Most devices today refresh their screens 60 times a second. If there’s an animation or transition running, or the user is scrolling, applications need to match the device’s refresh rate and put up a new picture, or frame, for each of those screen refreshes. When one fails to meet this budget - 16.6 ms, the frame rate drops, and the content judders on screen. This is often referred to as jank, and it negatively impacts the user's experience.

This benchmark is used to count the jank frames for different types of activities: list and image list view fling, text render, text editing, etc. Also ftraces are captured during the benchmark run and represented at the end of the notebook.



In [1]:

    
from conf import LisaLogging
LisaLogging.setup()









    



2017-03-06 12:22:49,689 INFO    : root         : Using LISA logging configuration:
2017-03-06 12:22:49,689 INFO    : root         :   /home/vagrant/lisa/logging.conf



In [2]:

    
%pylab inline

import json
import os

# Support to access the remote target
import devlib
from env import TestEnv

# Import support for Android devices
from android import Screen, Workload

# Support for trace events analysis
from trace import Trace

# Suport for FTrace events parsing and visualization
import trappy

import pandas as pd
import sqlite3









    



Populating the interactive namespace from numpy and matplotlib

Support Functions

This function helps us run our experiments:



In [3]:

    
def experiment():
    
    # Configure governor
    target.cpufreq.set_all_governors('sched')
    
    # Get workload
    wload = Workload.getInstance(te, 'Jankbench')
    
    # Run Jankbench workload
    wload.run(te.res_dir, test_name='list_view', iterations=1, collect='ftrace')
        
    # Dump platform descriptor
    te.platform_dump(te.res_dir)

Test environment setup

For more details on this please check out examples/utils/testenv_example.ipynb.

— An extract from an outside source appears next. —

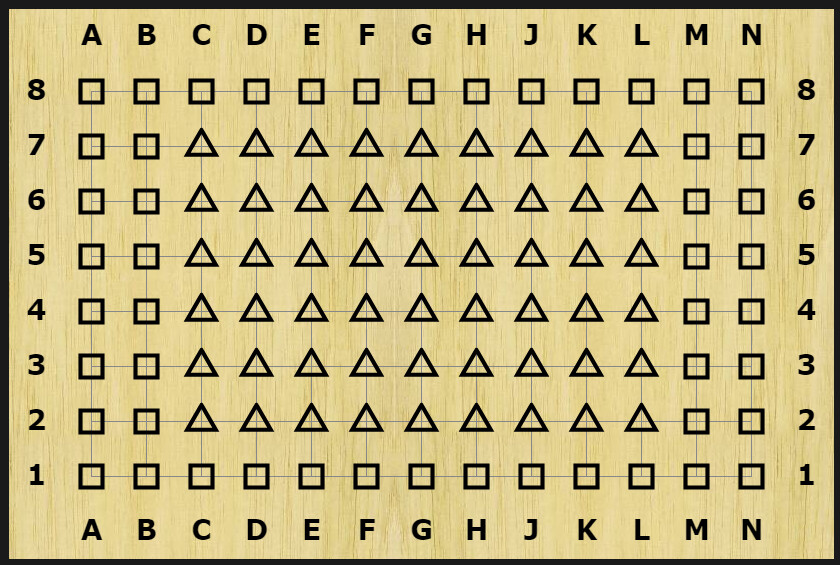If I were to generalize ācenterā and ārimā for rectangular boards, I might define the ācenterā as that central rectangle of the board whose number of intersections is closest to the number of intersections of the remaining board (ārimā). On a 7 x 7 board, that center would be 5 x 5 (25 intersections to the rimās 24 intersections). On a 13 x 8 board, I think the center according to this definition would be 9 x 6 (54 intersections to the rimās 50):

devlib requires the ANDROID_HOME environment variable configured to point to your local installation of the Android SDK. If you have not this variable configured in the shell used to start the notebook server, you need to run a cell to define where your Android SDK is installed or specify the ANDROID_HOME in your target configuration.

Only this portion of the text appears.